The Road: The Tragedy of One () is a 2021 South Korean television series directed by Kim No-won and starring Ji Jin-hee, Yoon Se-ah, Kim Hye-eun and Kim Sung-soo. Based on the work by Rintaro Norizuki, the series tells the story of the ugly desires, secrets, guilt and salvation of 'Royal the Hill', where only the top 1% of Korea live. It premiered on tvN on August 4, 2021, and aired on Wednesdays and Thursdays at 22.30 (KST) for 12 episodes.

Synopsis
"Royal the Hill" is a posh place where top one percent of Koreans live. The series tells the secrets, desires, guilts and salvation of the residents of this place.

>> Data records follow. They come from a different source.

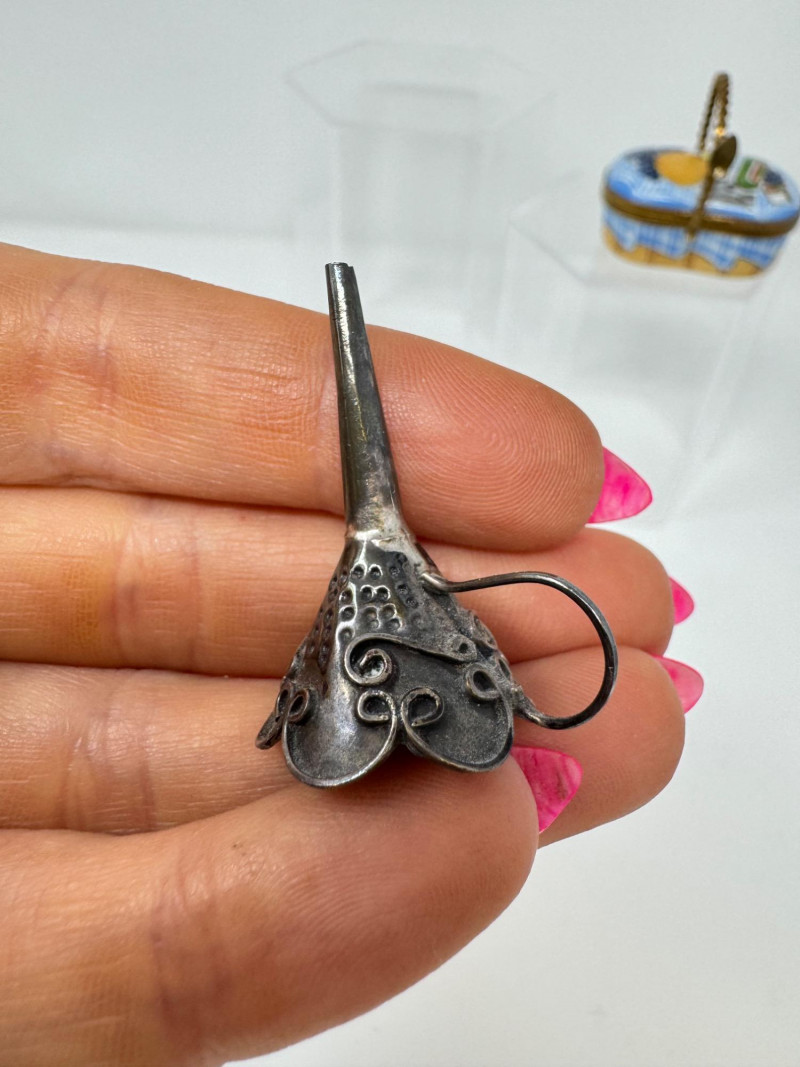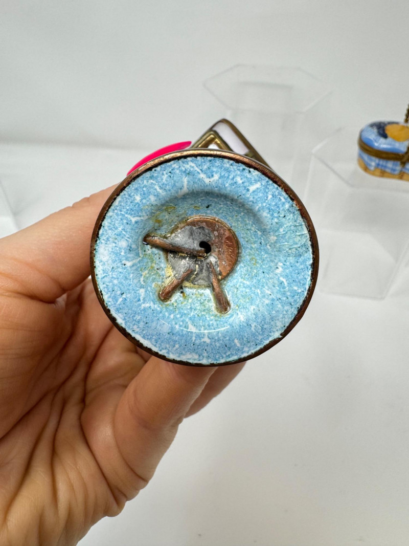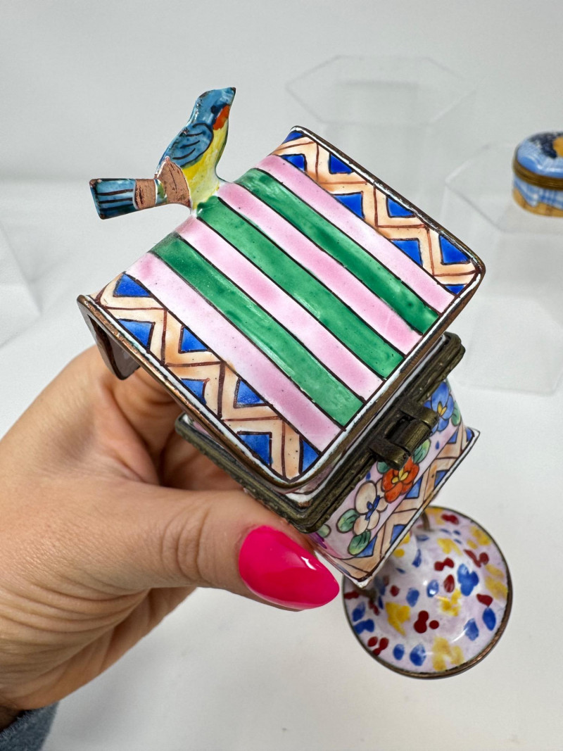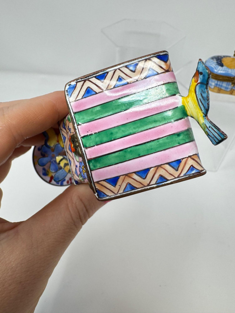 Porcelain Limoges Trinket Boxes, Portugal Trinket Box & Metal Funnel. Largest is 4" Tall
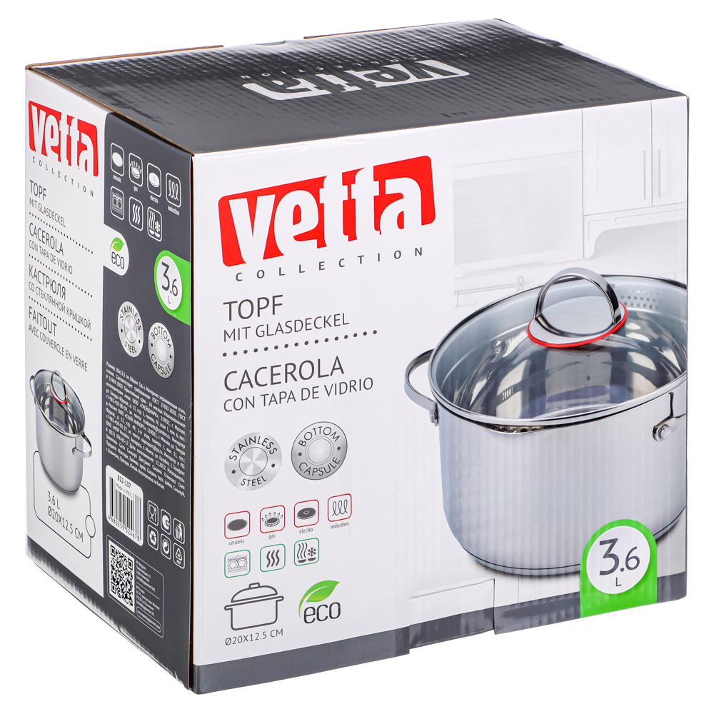 Все еще довольствуетесь приготовлением обедов в старых кастрюлях, где пища медленно варится и пригорает? Обратите внимание на линейку стильной посуды «Бирмингем». Это универсальная посуда из нержавеющей стали, созданная по последним технологиям. Кастрюли оснащены капсульным дном. Вода закипает быстрее. Ингредиенты не подгорают. Пища готовится равномерно и качественно. Подходит для длительного хранения в холодильнике. Размер 20х12,5 см, объем 3,6 л.6 причин купить кастрюлю из нержавеющей стали VETTA "Бирмингем":• многослойное капсульное дно — быстрее готовит, экономит энергию• крышка из жаропрочного стекла со сливом, плюс отверстие для отвода пара• можно ставить в холодильник • мерная шкала на внутренней стенке кастрюли• подходит для всех типов плит, включая индукционны
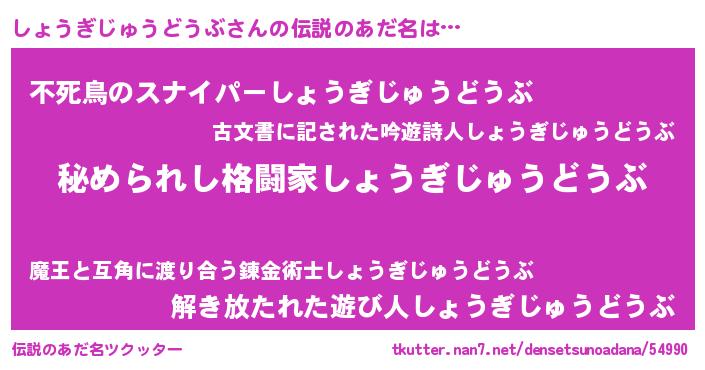 | 胡散臭い通販商品みたいなあだ名 | 『ガンによく効く高麗人参…その名も「しょうぎじゅうどうぶ」』 |
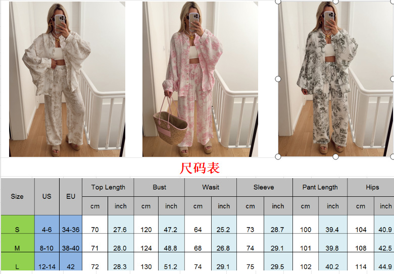 2024 유럽과 미국 스타일의 패션 레저 프린트 긴 소매 셔츠 바지 여성 세트 국경 아마존 투피스 세트스토어 가기
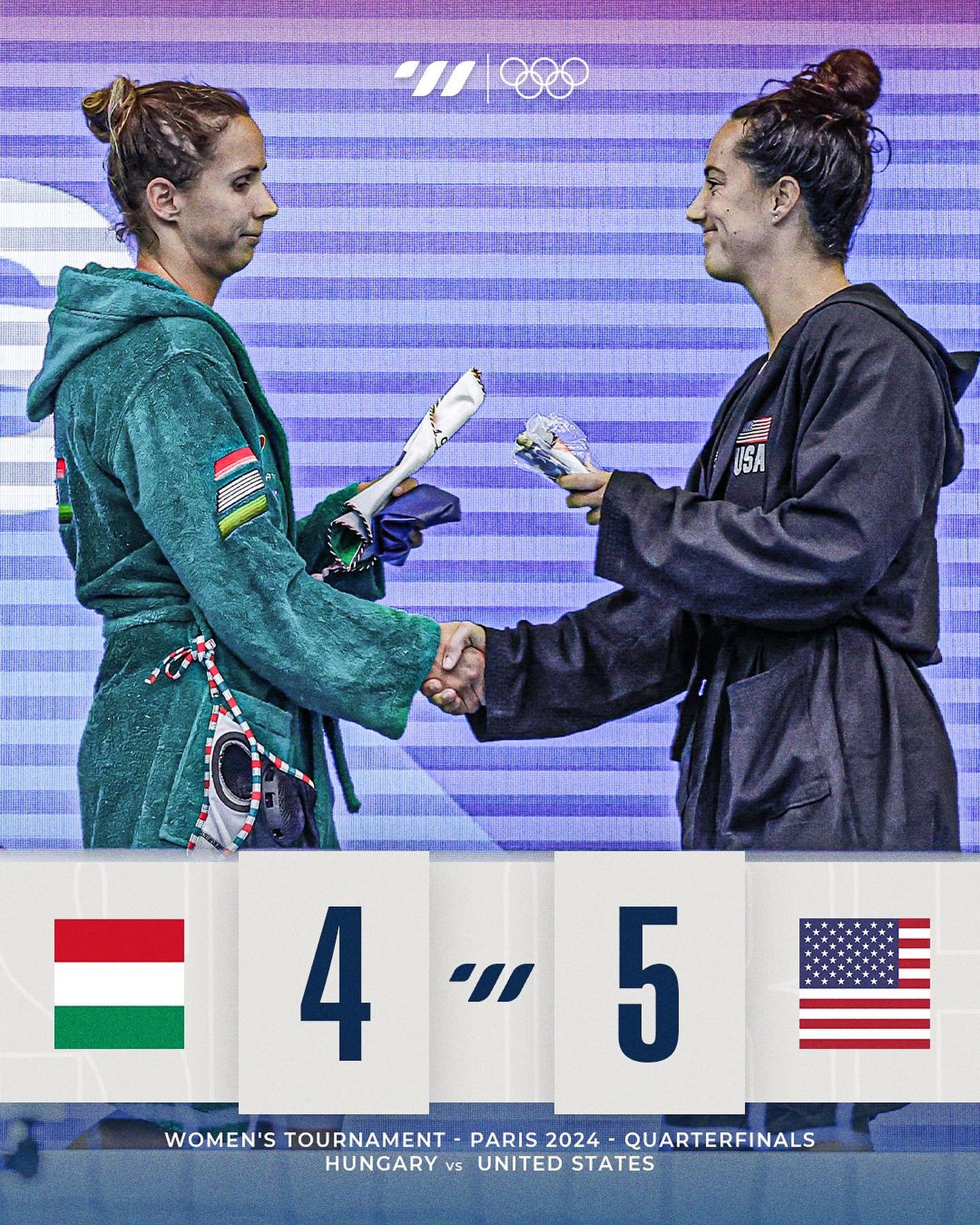 Έτσι, θα συνεχίσουν την προσπάθειά τους για την κατάκτηση του τέταρτου συνεχόμενου χρυσού μεταλλίου σε Ολυμπιακούς Αγώνες. Η Ουγγαρία δυσκόλεψε τις ΗΠΑ, οι οποίες όμως βρήκαν τον τρόπο να πάρουν τη νίκη και να περάσουν στην τετράδα, όπου την Πέμπτη (8/8) θα αντιμετωπίσουν την Αυστραλία.
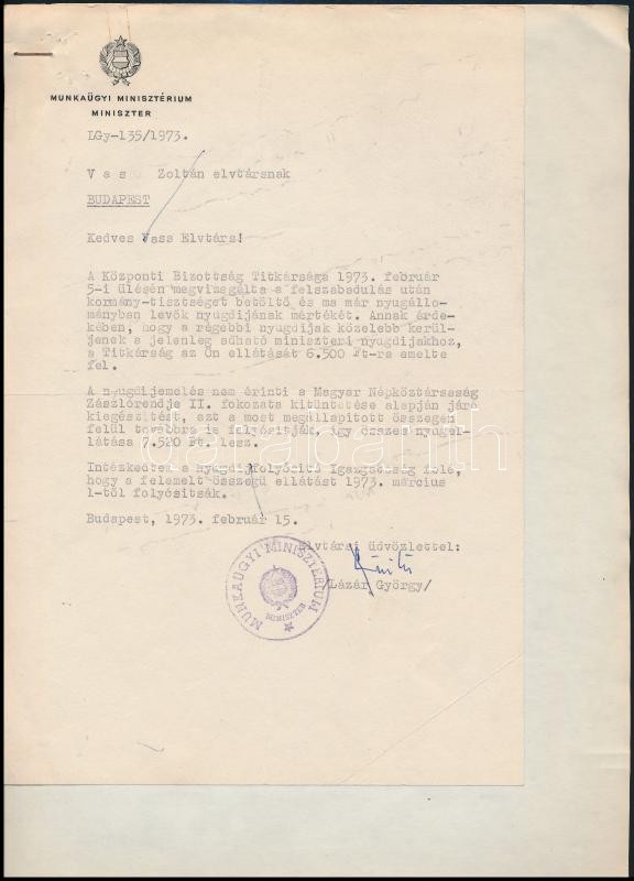 Leírás: 1973 Lázár György későbbi miniszterelnök saját kézzel aláírt levele Vas Zoltán (1903-1983) író, 56-os államminiszter részére Vas nyugdíjának ügyében
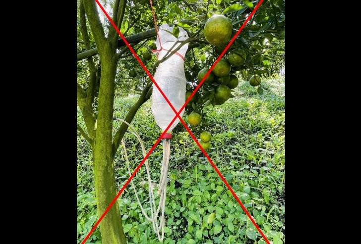 Loại bỏ viên nang chỉ lấy bột, hòa tan với nước để qua 1 đêm rồi lọc bỏ bã. Cho vào bình và tiêm 3 lần trong năm, họ cho rằng nếu không cam sẽ ngả màu vàng và chết.
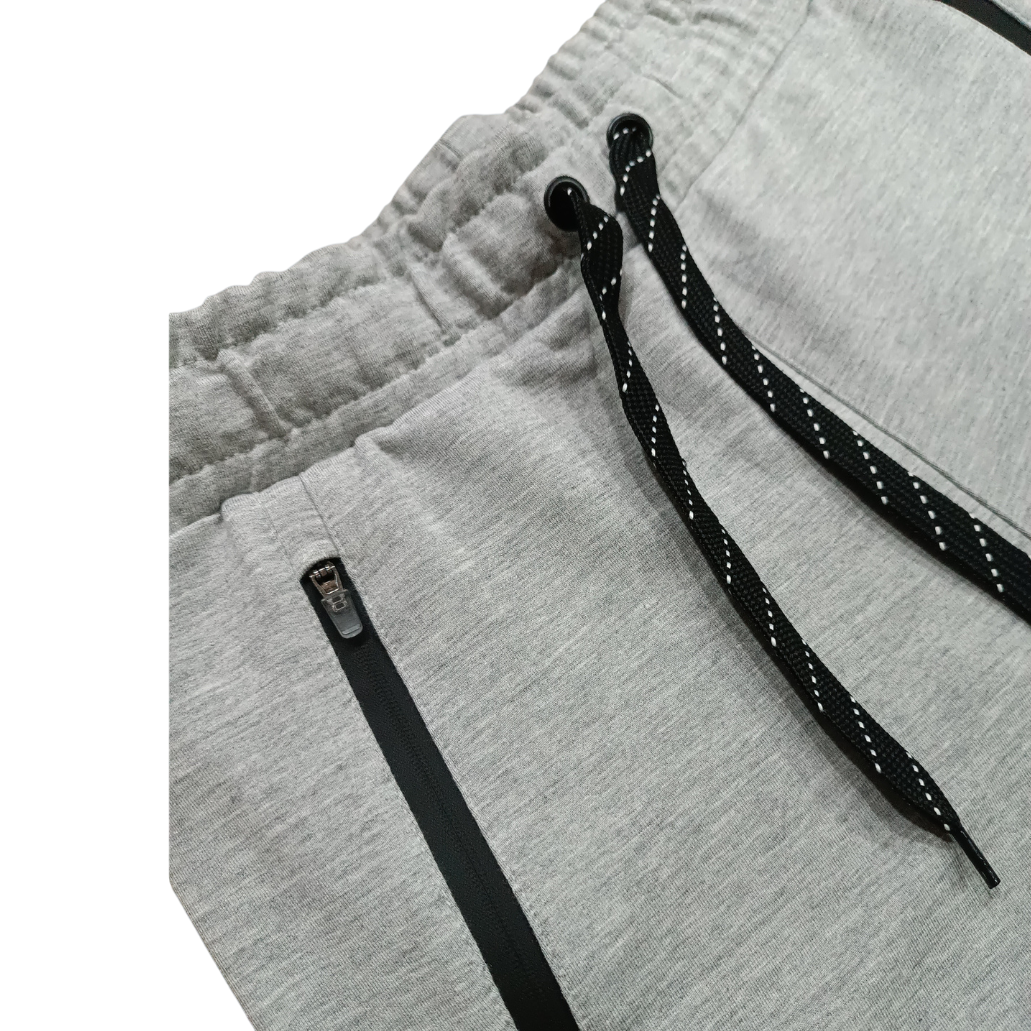 Pantalón corto de hombre, color gris, ajustable en la cintura y con bolsillos con cremalleras
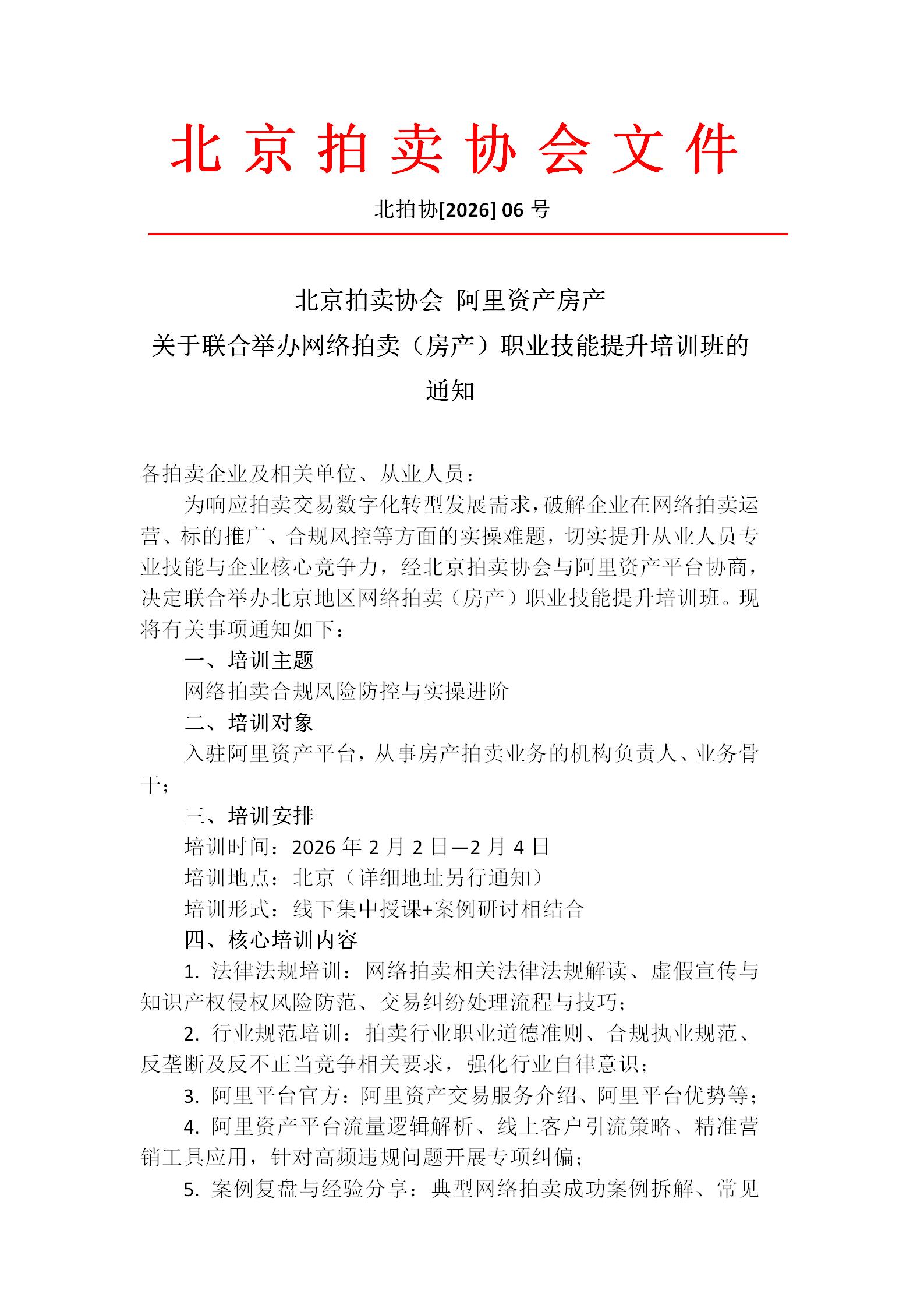 北京拍卖协会 阿里资产房产 关于联合举办网络拍卖(房产)职业技能提升培训班的通知
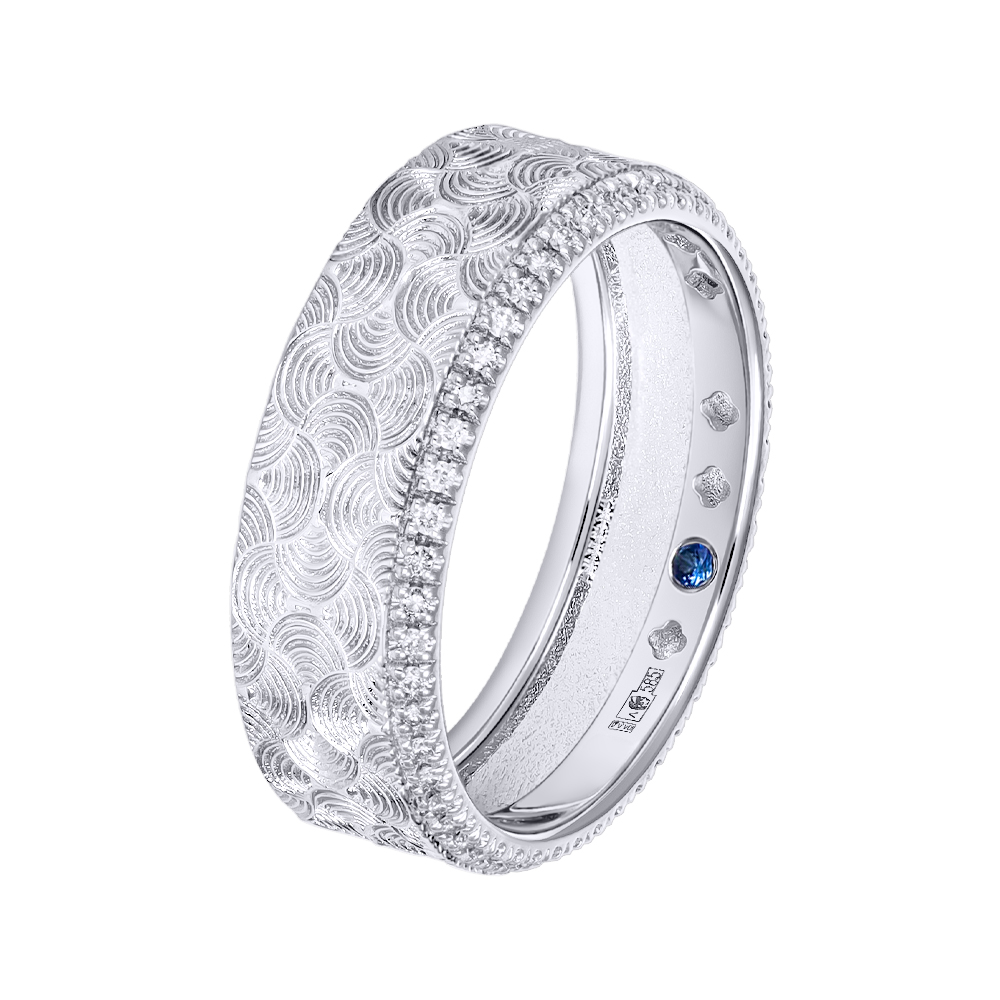 Обручальное кольцо из белого золота с бриллиантами и сапфиром 9211043Б
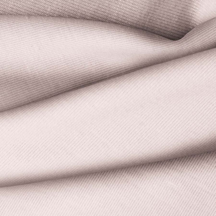 La tela base Punto Camiseta - Vanity es de punto, con una composición de 95% poliéster y 5% elastómero, de color liso impreso en tonos de rosa y oro (CMYK: 8 25 19 0). Este color primario simboliza la feminidad, el amor y la riqueza. Combina bien con tonos neutros como blanco, gris y negro.
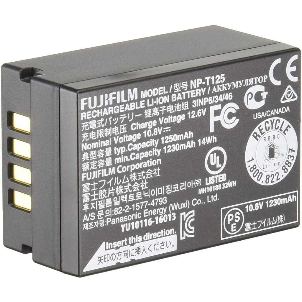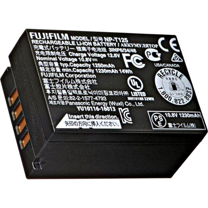 NP-T125 hoạt động ở điện áp 10,8V và có dung lượng 1250mAh. Nó có thể được sạc từ ổ cắm điện tiêu chuẩn thông qua bộ sạc Fujifilm BC-T125 (có thể được mua riêng. Bộ pin có kích thước chiều rộng 36mm, chiều cao 26mm và chiều sâu 54mm. Nó nặng 81g.
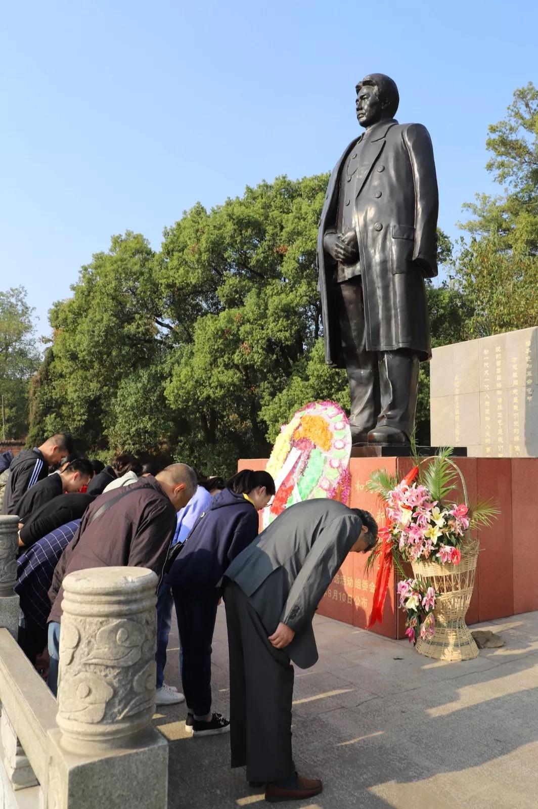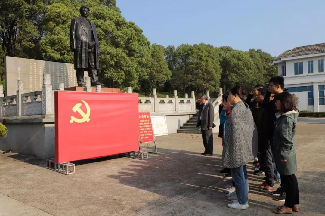 在方志敏銅像前、在鮮紅的黨旗前,全體黨員佩戴黨徽,莊嚴舉起右拳,重溫了入黨誓詞,并敬獻了花圈,肅立默哀。

Baek Soo-hyeon (Ji Jin-hee) the protagonist is a trusted anchor 
with strong beliefs. His words are taken as the truth, but he is a cold-hearted man. He will use any means to get what he desires. He is married to Seo Eun-soo (Yoon Se-ah), who is a daughter of chairman of the Jegang Group, a heavy weight having influence in the political and economic worlds.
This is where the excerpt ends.